There have been a lot of events the past 4 days. On Friday, the opposition had it's largest Sana'a protest to date, with a crowd reported to have peaked around 70,000 after mid-day prayer.

The crowd was amazing. Upon arrival, riot police ushered us away to stand on a sidewalk, for no apparent reason other than to appear to be in control. They then asked if we were students or journalists, I asked them which was better, at which point they laughed and said we could walk into the protest. So, we traversed a roughly 50 yard section of a street, at the end of which was the first line of protestors' own security. It was a bit intimidating walking up to what was thousands of people, but when we got there I asked if they were just security. They said yes and acted very friendly so I knew we were okay.

Once inside the protest, people seemed a bit more inclined to voice their concerns. Normally, they just ask us why we're in the country, but this time they were quicker to assume we were journalists, and took the opportunity to tell us their opinions. I never get tired of talking with people, but after 10 minutes there are easily 30 people in a halo around us which is a bit unnerving, considering the definite presence of undercover police there. I did note, however, that there seemed to be considerably less police presence than normal. The opposition are getting very good at security, and also more assertive, so I'm assuming they're actively turning back whomever they please.

I asked people in the crowd what the long-term plan was, drawing on the fact that they should use the large number as momentum for their movement. They said that this Friday they plan on actually marching, rather than staying put, if numbers permit. In my opinion, and I'm not quite sided with anyone yet, they should become more active, sooner rather than later. They are gaining the initiative and should use a blitzkrieg strategy; don't let up until their goal is quickly and effectively realized.

In comparison to Egypt and Tunisia, Yemen is a different beast altogether. Facing oil and water shortages, massive unemployment, secessionist movements an al-Qaida presence, a very tribal society, low level of education, and an almost non-existent middle class, there are many factors that need to be considered.

What can't really be disputed by neutrals is that the current government does not use resources to the maximum advantage of the people. Part of them are naturally used to appease the tribes and ensure civil war doesn't break out, something that is in the not-too-distant past. However, there are many claims that Ali Abdullah Saleh uses money to enrich his and his family's fortune in a very Mubarak- and Qaddafi-esque fashion. That being said, the threat of society being plunged into civil war as a result of anti-government protests is very real. While change could definitely be used, no one can say with any measure of certainty what costs that will require. That can be said for all revolutions, but Yemen stands in stark contrast to a completely-unified Egyptian society who, with seemingly one voice, was calling for the ousting of the president. Not all Yemenis necessarily want the current government to go, afraid of what the post-mortem may be. Furthermore, many seem convinced Saleh is a very capable leader of the country and has its best interests in mind.

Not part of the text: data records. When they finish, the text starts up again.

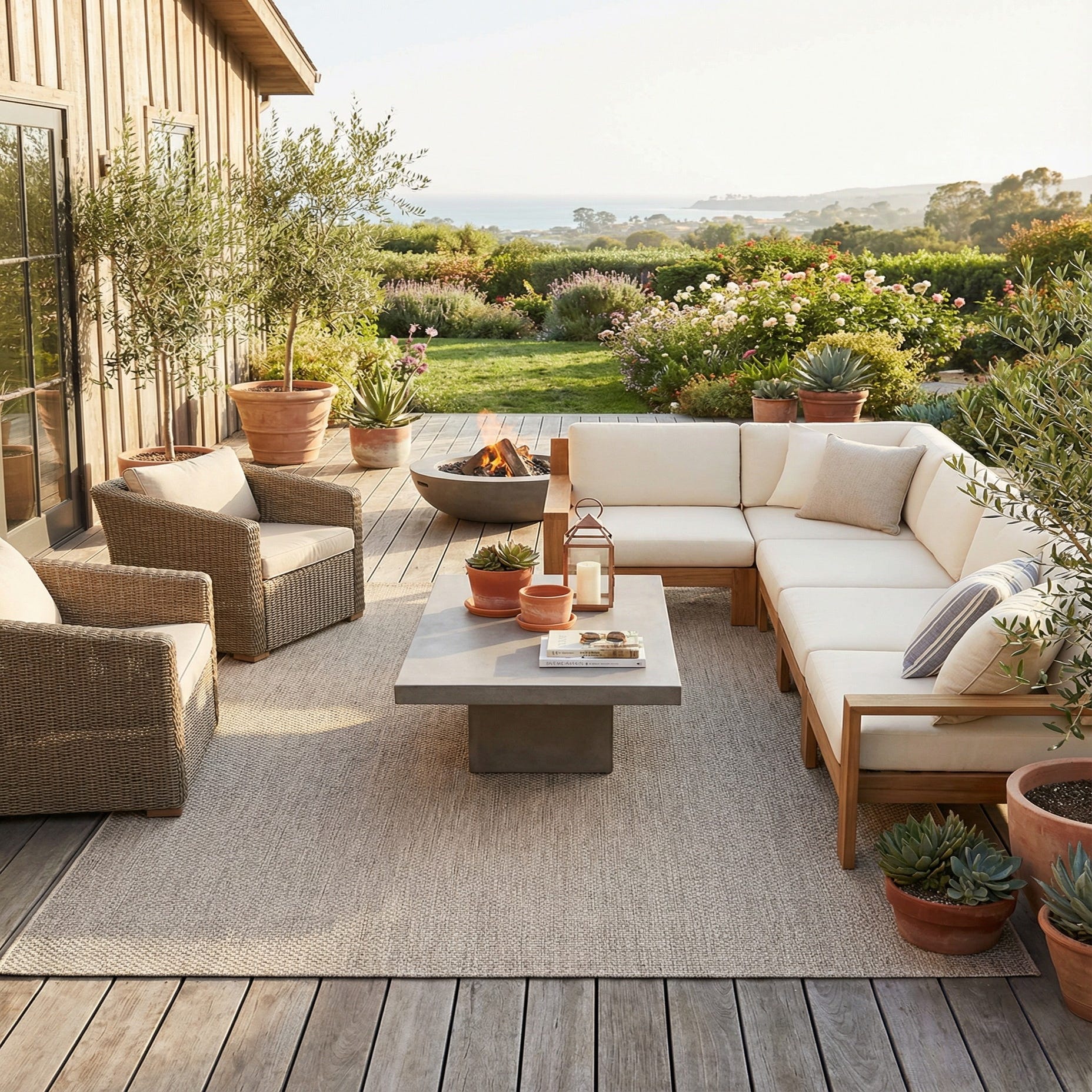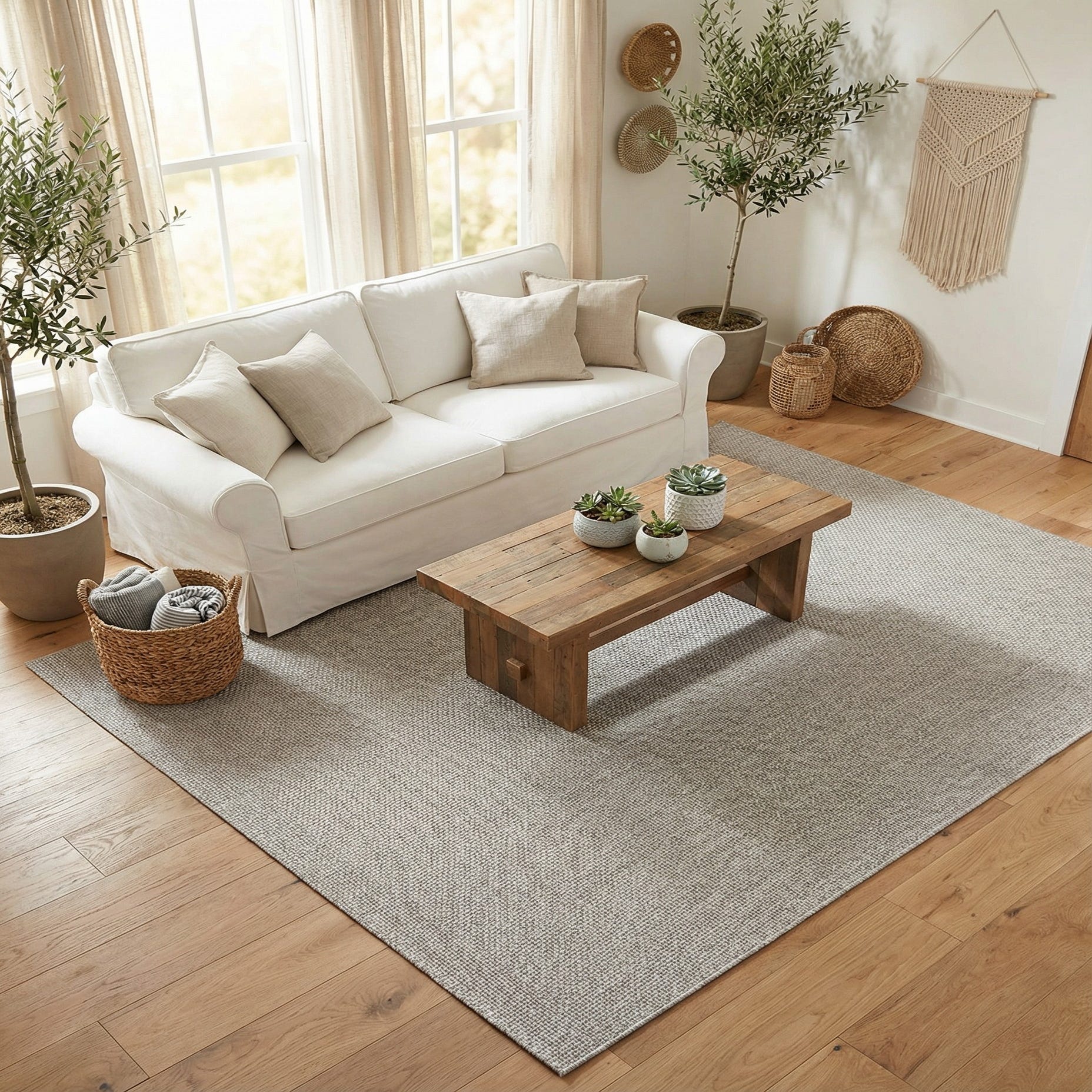 Made from 100% polypropylene, this flatwoven piece lays flat and wears in a straightforward, no-fuss way, making it well-suited to both indoor and outdoor settings. Use it to anchor a patio seating area or place it beneath a dining table for a grounded, casual feel; it also works nicely in a sunroom, coastal living room, or a modern farmhouse bedroom where neutral layering is key. Its understated palette and texture provide a quiet backdrop that complements linen, rattan, light wood, and metal accents.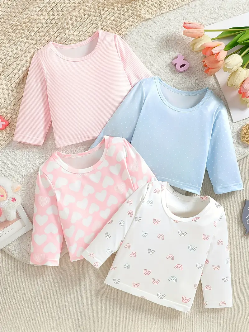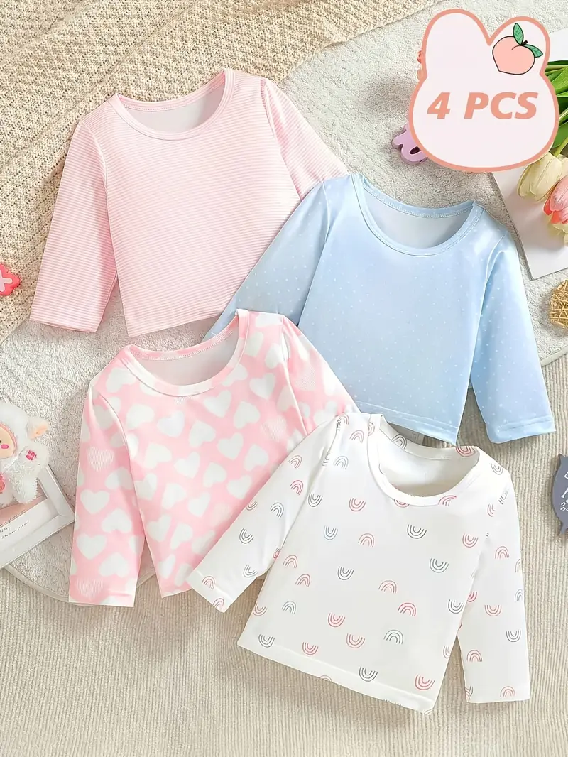🎉 What it is - Elevate your little one's wardrobe with our adorable Girls' T-Shirt Set, featuring a trendy crew neck and charming heart and dot designs. Crafted from a comfy blend of 95% Polyester and 5% Elastane, this four-piece set is perfect for school or festive occasions, ensuring your girls look fashionable and feel great! 🌟 Why you need it - This essential set is designed with your child's comfort and style in mind. Here’s why customers can’t get enough: - Soft and stretchy fabric for all-day comfort - Versatile styles perfect for school, playdates, or holidays - Easy to care for – simply hand wash or dry clean - Designed for children aged 0-3 years old, ensuring a perfect fit for your little one! 💖 Why you love it - Moms adore this t-shirt set for several reasons: - Unique and playful prints that stand out - Ideal layering option for transitional seasons - A stylish way to keep your youngsters looking cute without sacrificing comfort - Affordable and great value with four coordinating pieces in one set! 👗 How to use it - Pair these charming tees with your little one's favorite pants or skirts for a cute outfit. Mix and match with different accessories to create unique looks that your child will love! ✅ Satisfaction Guaranteed! Add this must-have Girls' T-Shirt Set to your cart today and let your girls shine in style. Limited stock available!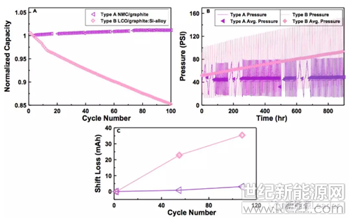 下图A为A和B两种电池的循环性能曲线,从图中可以看到循环100次后A电池的可逆容量几乎没有衰降,而掺入Si合金的B电池容量发生了大幅的衰降。下图B为两种电池随时间的压力变化情况,从图中能够看到电池A在循环过程中充放电过程中压力变化非常平稳,不可逆的压力增长非常小,而电池B在循环过程中则出现了非常大的不可逆压力增长。不可逆压力的持续增加通常是由于电极体积的持续增加导致,下图C分析了两种电池由于活性Li损失导致的不可逆容量损失,从图中能够看到电池A在循环中可逆容量损失非常小,而电池B在循环中活性Li的损失则在持续增加,活性Li的损失通常是由于负极SEI膜的持续增长导致的,持续增长的SEI膜会导致负极不断变厚,而这也与B电池的不可逆压力持续增加的现象一致。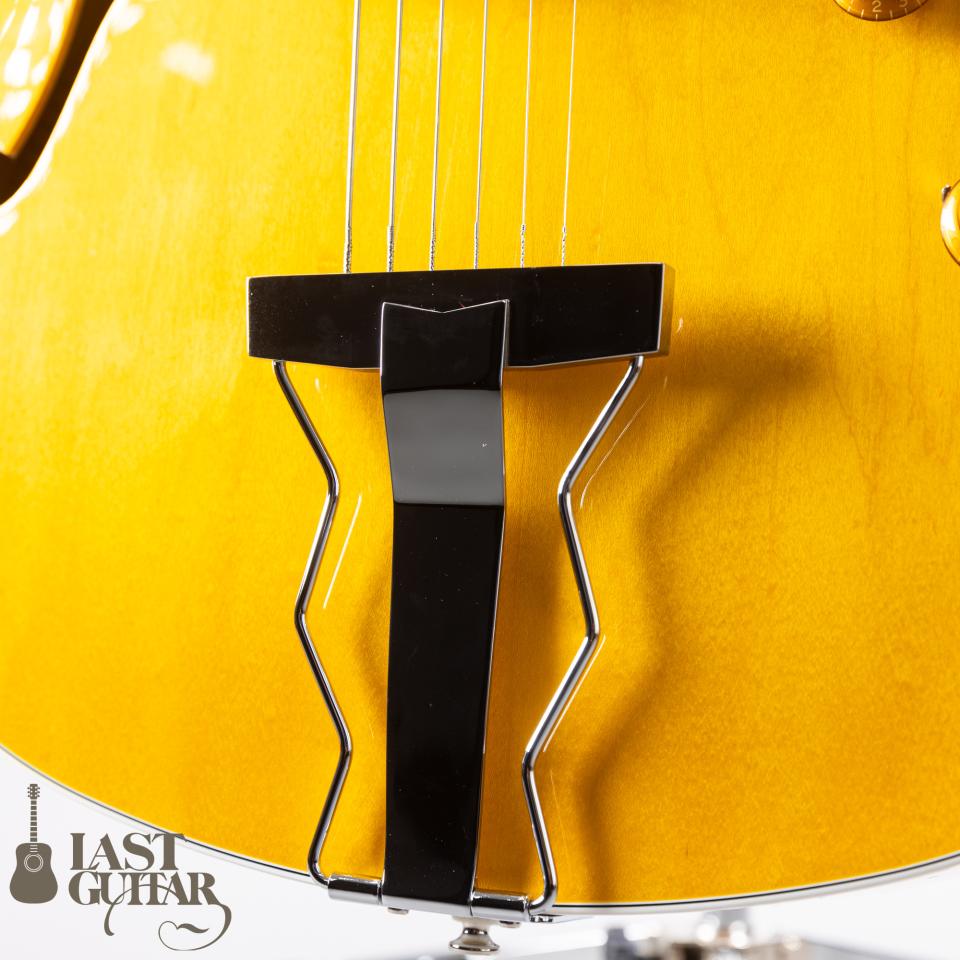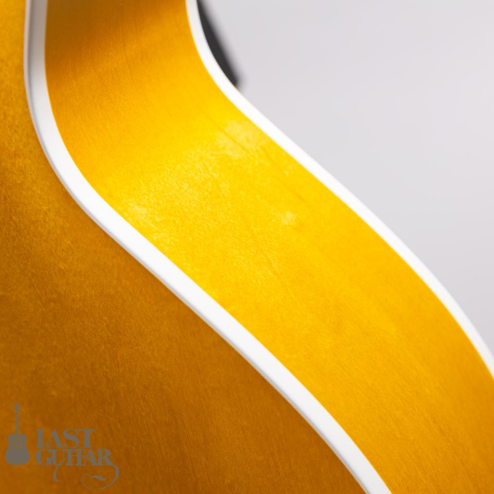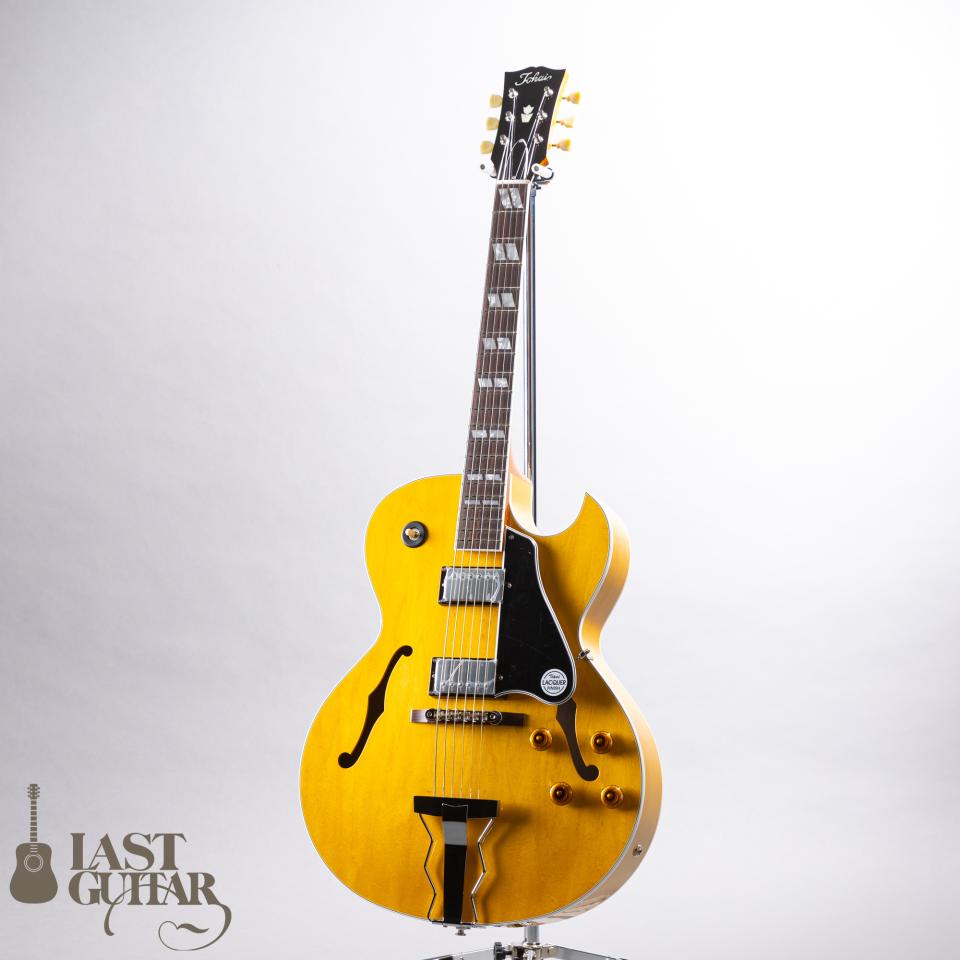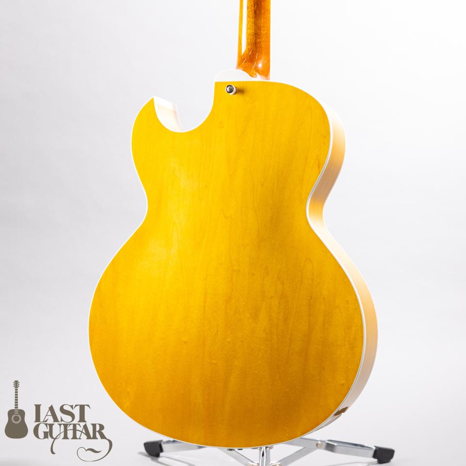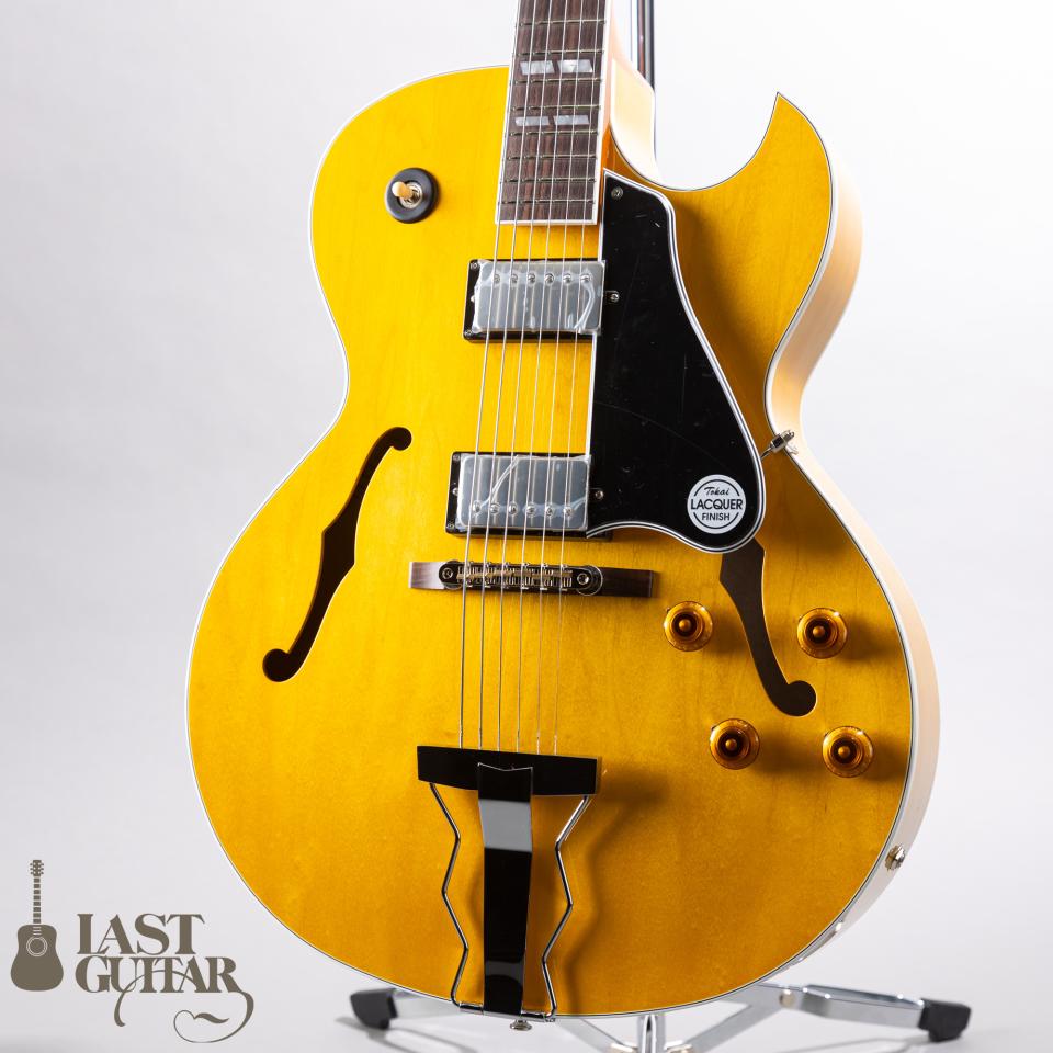 本機は、最新カタログのラインナップからは外れているスポット的生産のES-175スタイルの日本製フルアコースティックギターです。年間生産本数は少なく希少です。ヴィンテージナチュラルカラー、16インチ幅ボディ、ラミネイトメイプルボディ、マホガニーネックのセットネック、ローズウッドフィンガーボード、20フレット仕様、ミディアムスケール。ピックアップは、PAFをイメージしたオリジナルピックアップ「PAF-Vintage MK2」を搭載し、クリアでナチュラルなサウンドをアウトプット。またCTS製ポットやSprague Orange Dropコンデンサの採用等使用パーツまで拘っています。塗装は、トップラッカーフィニッシュ仕上げです。

All of the above being said, I am in no way an expert of the country, but I do feel like the past 3 weeks have given me an insight into its complexities.

The past 24 hours have seen important developments take place as well. Last night, it was announced that many Parliament leaders were threatening to resign. Since then, the country's two largest tribes are reported to have turned against Saleh, many religious clerics are stating that it is a duty for Yemenis to protest against the regime, and as of 3 hours ago Saleh announced that he will form a national unity government in 24 hours. The other side of that coin is that the JMP, Yemen's largest anti-government party, said it will reject this and will not send members to be part of the new coalition. Saleh's attempts to reconcile, and the JMP's rejection, are a contradiction to previous claims that the current government remains unaffected by recent events. On the contrary, it appears they are making last-ditch efforts to appease the masses before the movement reaches a point of no return. Whether that is an exaggeration remains to be seen in the coming days, but few can deny the movement has had an effect.

Tuesday 22 February 2011

Yemen In The Balance

It's approx 0000 right now and news just hit twitter that two more students have been killed at Sana'a University. I'm texting a Yemeni friend who's there right now, and it's surreal to me that this is all going on. Gaddafi just gave his babbling speech about 3 hours ago, and the entire Middle East is in a state of flux. Many people, during the past few days, have switched their opinions on the possibility of a revolution in Yemen from being possible to highly likely. In the same time period, rumors of tribesmen coming from the north to reinforce the protestors have been rife.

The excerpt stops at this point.